The angular position of the belt clip 200 on the first and second side portions 311 and 312 is illustrated in FIGS. 2D and 2E. An axis of symmetry of the drill/driver 300 is represented with a broken line C—C in FIG. 2D and also in FIG. 2B. The term axis of symmetry as used herein means that the features of the object are generally symmetrical on either side of the axis. Perfect symmetry is not necessary. An axis of symmetry of the belt clip is represented with a broken line B—B in FIG. 2D and also in FIG. 6A. The angular position β of the belt clip 200 is defined as the interior angle formed by the intersection of the axis of symmetry of the drill/driver 300 represented by line C—C and the axis of symmetry of the belt clip 200 represented by line B—B, as shown in FIG. 2D. In a preferred embodiment, β is preferably approximately 60° to 90°, or more preferably approximately 70° to 80°, or even more preferably approximately 75°.

The angular position β is partly dictated by the natural grasping position of the user's hand when grasping the drill/driver 300. As used herein, the term natural grasping position means a position in which a user's hand may grasp a tool so that the tool can be operated for its intended use, and a position of a user's hand for grasping the tool which an operator of ordinary skill in the art would naturally choose even if the operator was unfamiliar with the operation of the tool. The angular position β may be selected so that the user's first and second fingers will fit comfortably around the belt clip 200 in the power-grip hold. The angular position β may also be selected so that the user's thumb will rest comfortably on the top-facing surface of the belt clip 200 in the thumb-rest hold. Or, the angular position β may selected for facilitation of both the power-grip and thumb-rest holds, as in the illustrated embodiment.

The angular position β may also be affected by the position of the finger groove 317, if included on drill/driver 300. If desired, the angular position β may be selected so that the surfaces of the belt clip 200 can effectively continue the shape of the finger groove 317, enlarging and enhancing the finger groove's effect of cradling the user's thumb and first finger.

It is also possible to mount belt clip 200 to other portions of drill/driver 300. Likewise, when belt clip 200 is mounted to other tools, its position may be selected as desired.

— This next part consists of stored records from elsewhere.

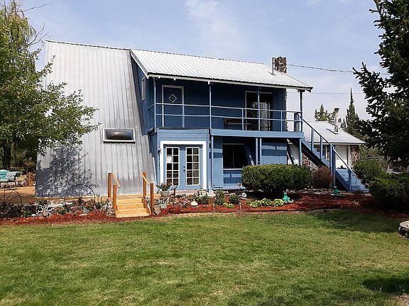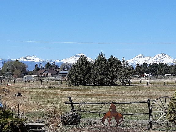 Nestled between Bend and Redmond, this charming A- frame home offers tranquil country lifestyle with breathtaking mountain views. Set on 8.87 acres, the property features a 2-bedroom, 1-bathroom home with 1,668 sqft of living space. Vaulted ceilings and expansive windows flood the house with natural light, framing picturesque views of a pond, stream and the surrounding mountains. Enjoy the peace and privacy of country living while being just a short drive to urban amenities.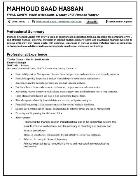 Financial manager and chartered accountant CMA - SOCPA - PFA - IFRS More than 22 years of experience in managing large companies and institutions, accounting, auditing, tax offices, company establishment, bank financing, budgets, and value - added tax returns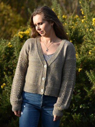 DESIGN OVERVIEW: Emmer Cardigan is knit seamless up to underarms with dropped shoulder and deep V-neck. The lacy balloon sleeves are balanced with body in stockinette stitch. Cropped length of cardigan allows to wear it with wide range of clothing. It can be easily adjusted by adding some length. Ribbed hem, sleeves’ cuffs and edge band are knitted with twisted rib. However, as per personal preference it can be replaced with classic 1 x 1 rib. Recommended positive ease 14-20 cm/5½ - 8 inches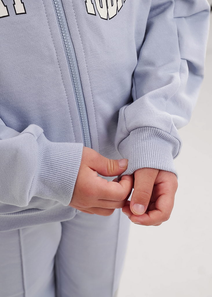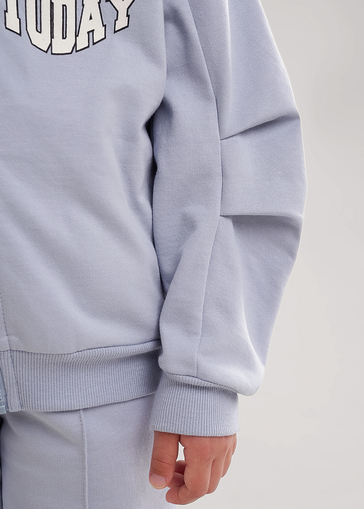Толстовка из мягкого футера идеально подойдёт для твоего классного лука и отличного настроения! Воротник, манжеты и пояс выполнены из эластичного трикотажа. Объёмные рукава с декоративными защипами- тренд сезона! Спереди модель дополнена стильным принтом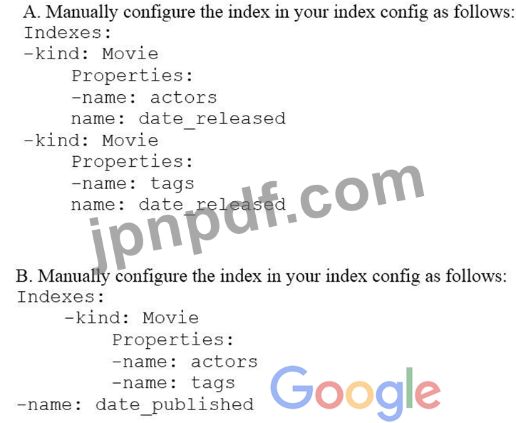 `tags' には複数の値がありますが、プロパティ `date release' には複数の値がありません。一般的なクエリでは、actor=<actorname> を持つすべての映画を date_release 順に並べ替えるか、tag=Comedy を持つすべての映画を date_release 順に並べ替えるように求められます。インデックス数の組み合わせ爆発をどのように回避すべきでしょうか?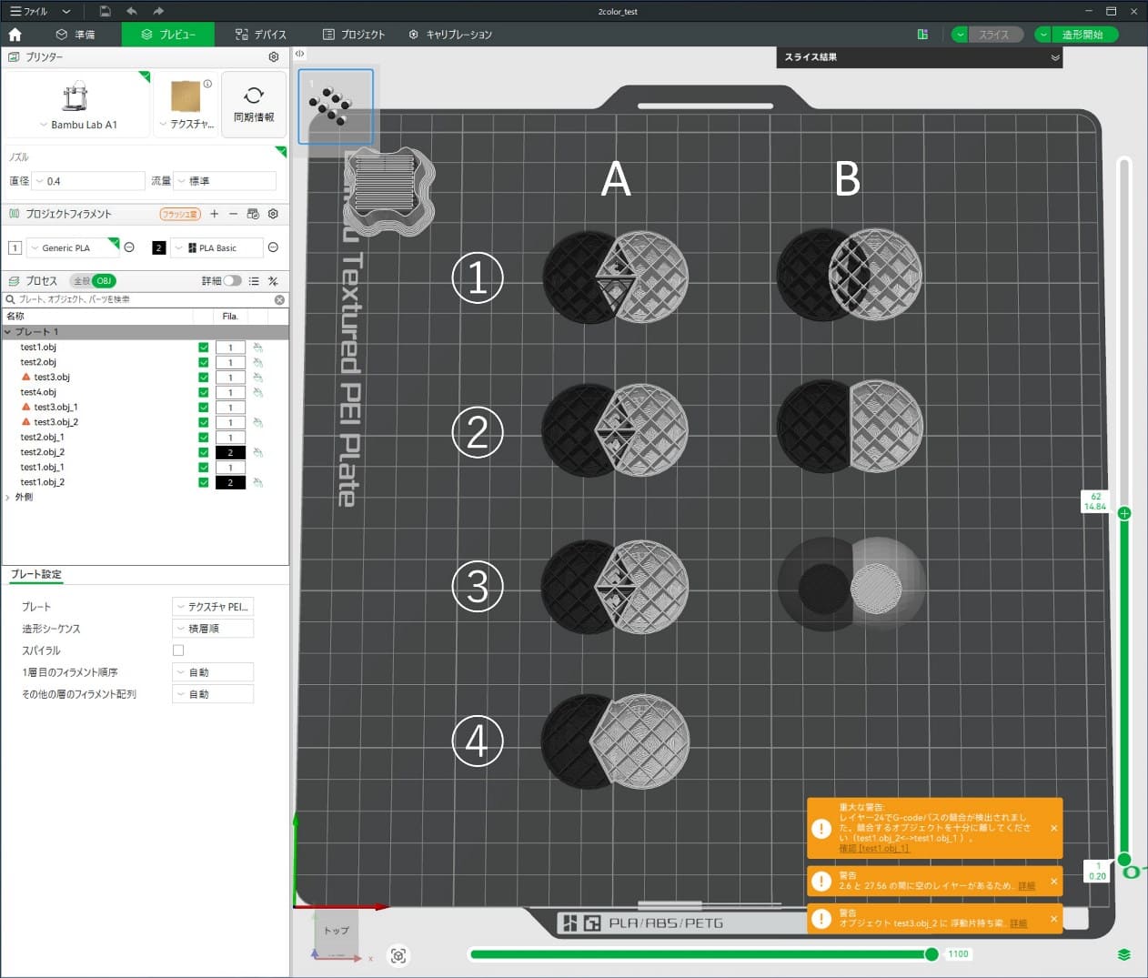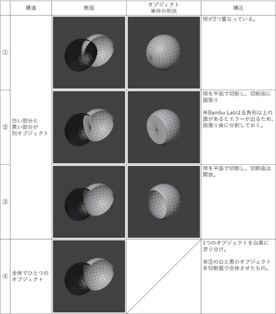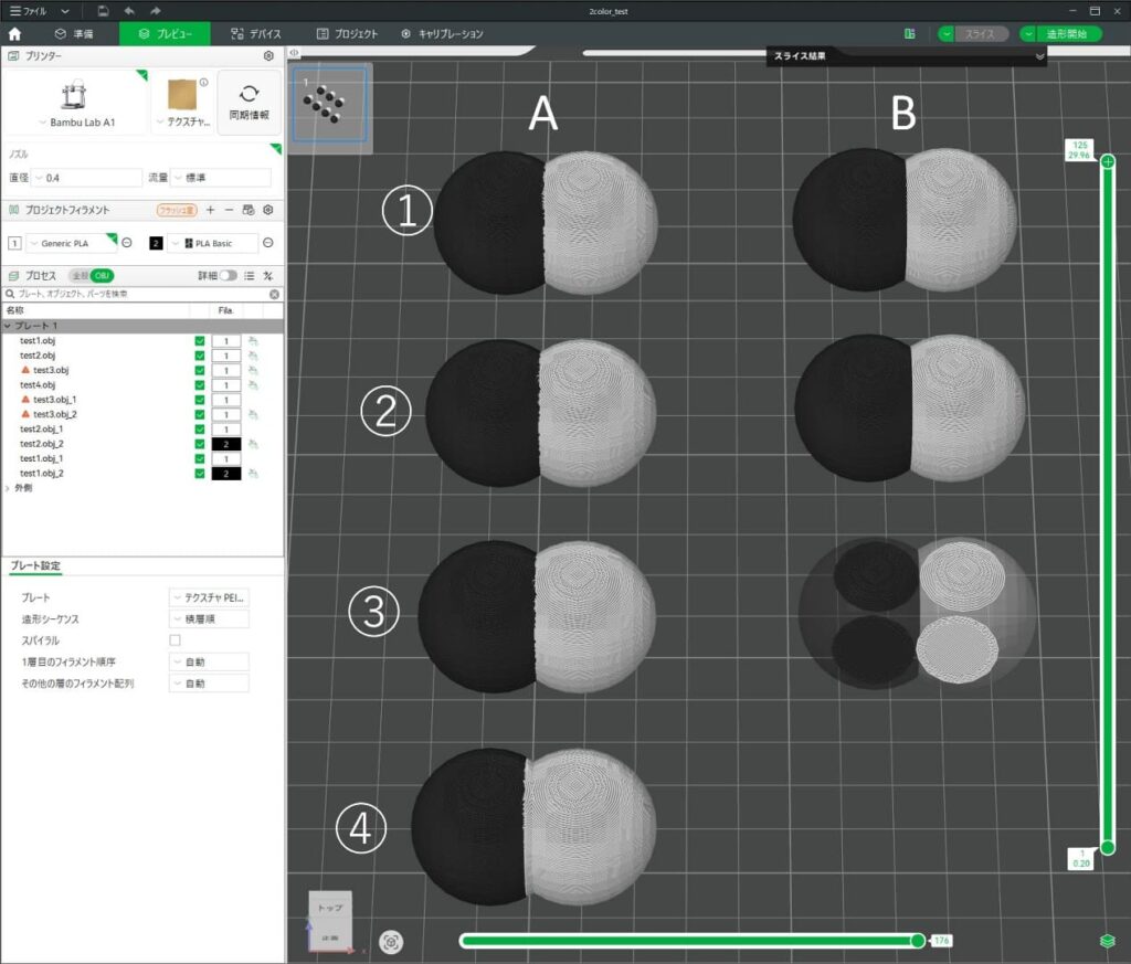 Bambu Labで多色プリントをする場合、3Dモデルの構造と色の設定方法がいくつか考えられます。それぞれの条件がスライスの結果にどのように影響するかをまとめました。

Belt clip 200 may be selectively detachably mounted to a tool, if desired, so that the belt clip 200 can be removed when it is not needed or hampers the operation to be performed by the tool. In the illustrated embodiment, belt clip 200 is detachably mounted to drill/driver 300 by an attaching means. The attaching means can be any of a number of systems for selectively releasably securing the belt clip 200 to the surface of the tool. Examples of attaching means include a threaded recess formed in the housing for receiving a screw extending from the belt clip, a recess for receiving a biased snap attachment extension on the belt clip, a latch, a sliding joint, etc. Other appropriate attaching means may also be used, as will be recognized by those of skill in the art. Of course, if it is not desirable to have a detachable belt clip 200, the belt clip 200 may be permanently bonded to the housing by glue or the like. Or the belt clip 200 may be integrally formed as part of the housing. The term “mounted” as used herein includes items which are formed as separate pieces and permanently or selectively releasably held together, and items which are integrally formed together.

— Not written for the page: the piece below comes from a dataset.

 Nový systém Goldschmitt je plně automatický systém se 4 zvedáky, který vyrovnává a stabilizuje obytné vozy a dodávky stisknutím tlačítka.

In the case of belt clip 200 used with drill/driver 300, it is especially advantageous to have the belt clip 200 detachably mounted. Drill/driver 300 is often used in tight positions where the protruding belt clip 200, even though its profile on the drill/driver 300 has been minimized, can encumber the operation. Thus, it may be necessary to remove the belt clip 200 in order to perform certain operations in very tight spaces.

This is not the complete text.